SOUTHMOD – simulating tax and benefit policies for development
Tax-benefit microsimulation models, which combine representative household-level data on incomes and expenditures and detailed coding of tax and benefit legislation, have proven to be an extremely useful tool for researchers and policy makers alike. The models apply user-defined tax and benefit policy rules to micro-data on individuals and households and calculate the effects of these rules on household income. The effects of different policy scenarios on poverty, inequality, and government revenues can be analysed and compared.
About the project
While microsimulation models are routinely used by researchers and policy makers in developed countries, few developing countries have access to such tools. Many of the developing countries are now building up their social protection systems and the financing of public spending will need to be increasingly based on domestic tax revenues. In this process, understanding the system-wide impacts of different policy choices is critically important, and tax-benefit microsimulation models are very well suited for this purpose.

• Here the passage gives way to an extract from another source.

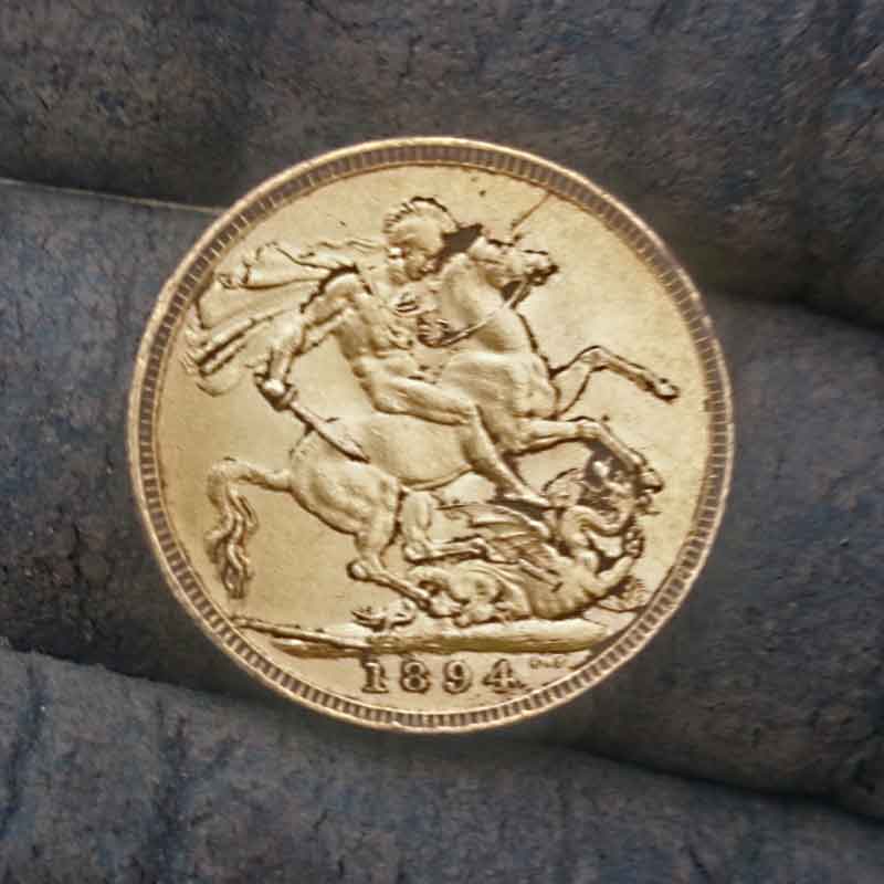 MIchael’s story: “My find of the month and probably the year! A 1894 Queen Victoria full gold sovereign. Me and my detecting buddy braved the stormy weather to join our club on a dig in Lancashire England. 30 minutes into the day my Garrett Ace 250 gave a slamming hit at 4″. I dug up the clod and seen a yellow coin fall out. At first I thought I had found a euro ten cents (these come out yellow/gold when found) but I picked it up and noticed queen Victoria. My heart stopped for a second as i realised what I’d found. My first ever gold coin!!!! Weighing 7.95grams. I was over the moon and I’m still smiling now. Thanks Garrett for such a great machine.”

This is the backdrop against which UNU-WIDER, the EUROMOD team at the Institute for Social and Economic Research (ISER) at the University of Essex, and Southern African Social Policy Research Insights (SASPRI) have launched a major research project in which tax-benefit microsimulation models for selected developing countries in Africa (Ethiopia, Ghana, Mozambique, Tanzania, Zambia) and also elsewhere (Ecuador and Vietnam) will be built in addition to those that already exist for South Africa and Namibia. Once ready, they can be used for analysing the impacts of different tax and benefit policy scenarios. The project is supported by UNU-WIDER, and based on joint research work with the three participating institutes and researchers from the countries for which the models will be built.